== DATA PROVIDED ==
- - - - -
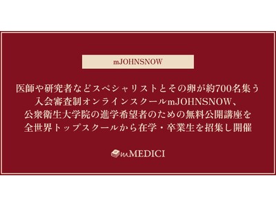 研究者・医療職のスペシャリストによって設立され、一流の知のプラットフォームを提供しているmMEDICI株式会社(代表取締役:廣瀬 直紀、以下「当社」)は、医師や医学研究者などのスペシャリストとその卵が約700名集う日本最大規模のパブリックヘルスオンラインスクールmJOHNSNOWにて、2024年12月20日(金)に、無料公開講座、「n=1で叫ぶ、MPHへの愛と本音~独断と偏見で語るMPH講義~」を開催いたします。
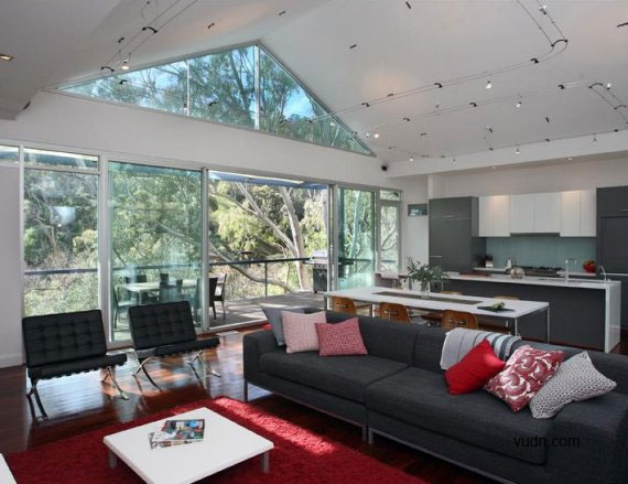 别墅位于南澳大利亚东部边缘的城市阿德莱德。在这样一个狭窄的地点,Drew Edwards设计师提出了几个独特的设计问题,并且利用“Bridge like”工程学提供骨骼钢制框架来解决一定的难题。
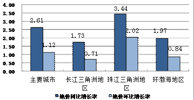 从同比增长率看,三大重点区域综合地价同比增速由五个季度连续放缓转为回升态势。其中,珠江三角洲地区增速最快,为3.44%,较上一季度上升了2.22个百分点,长江三角洲和环渤海地区增速分别为1.73%、1.97%,分别较上一季度上升了1.41和0.55个百分点。
- - - - -
== DIRECTIONS FOR THIS TASK ==
Could you reproduce all of the data above exactly and skip any image?

== THE COMPLETED TASK ==
 研究者・医療職のスペシャリストによって設立され、一流の知のプラットフォームを提供しているmMEDICI株式会社(代表取締役:廣瀬 直紀、以下「当社」)は、医師や医学研究者などのスペシャリストとその卵が約700名集う日本最大規模のパブリックヘルスオンラインスクールmJOHNSNOWにて、2024年12月20日(金)に、無料公開講座、「n=1で叫ぶ、MPHへの愛と本音~独断と偏見で語るMPH講義~」を開催いたします。
 别墅位于南澳大利亚东部边缘的城市阿德莱德。在这样一个狭窄的地点,Drew Edwards设计师提出了几个独特的设计问题,并且利用“Bridge like”工程学提供骨骼钢制框架来解决一定的难题。
 从同比增长率看,三大重点区域综合地价同比增速由五个季度连续放缓转为回升态势。其中,珠江三角洲地区增速最快,为3.44%,较上一季度上升了2.22个百分点,长江三角洲和环渤海地区增速分别为1.73%、1.97%,分别较上一季度上升了1.41和0.55个百分点。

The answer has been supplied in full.